• Stored data
################

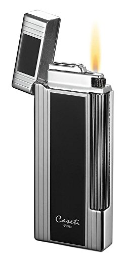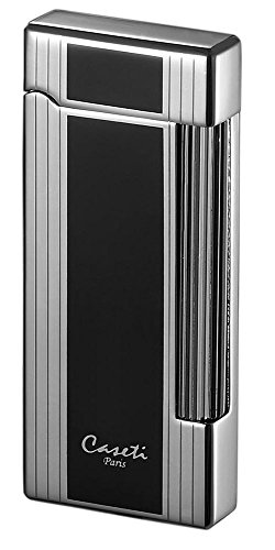 Visol Caseti Ravensdale Chrome Plated Vertical Lines and Black Lacquer Flint Traditional Flame Lighter
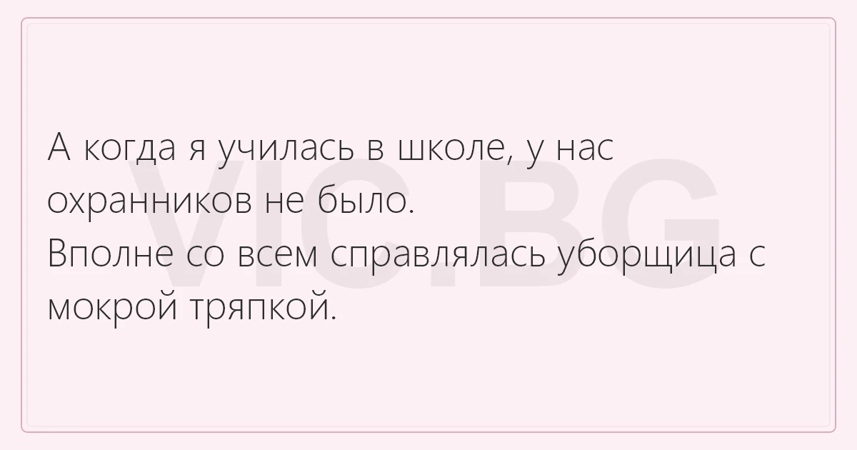 А когда я училась в школе, у нас охранников не было.
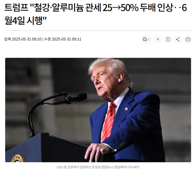 도널드 트럼프 미국 대통령은 현지시간 30일 미국으로 수입되는 외국산 철강·알루미늄 제품에 부과 중인 25%의 관세를 50%로 인상하겠다고 밝혔습니다.

################

• Exercise
Output all the material exactly. The pictures are to be left out.

• Written response
 Visol Caseti Ravensdale Chrome Plated Vertical Lines and Black Lacquer Flint Traditional Flame Lighter
 А когда я училась в школе, у нас охранников не было.
 도널드 트럼프 미국 대통령은 현지시간 30일 미국으로 수입되는 외국산 철강·알루미늄 제품에 부과 중인 25%의 관세를 50%로 인상하겠다고 밝혔습니다.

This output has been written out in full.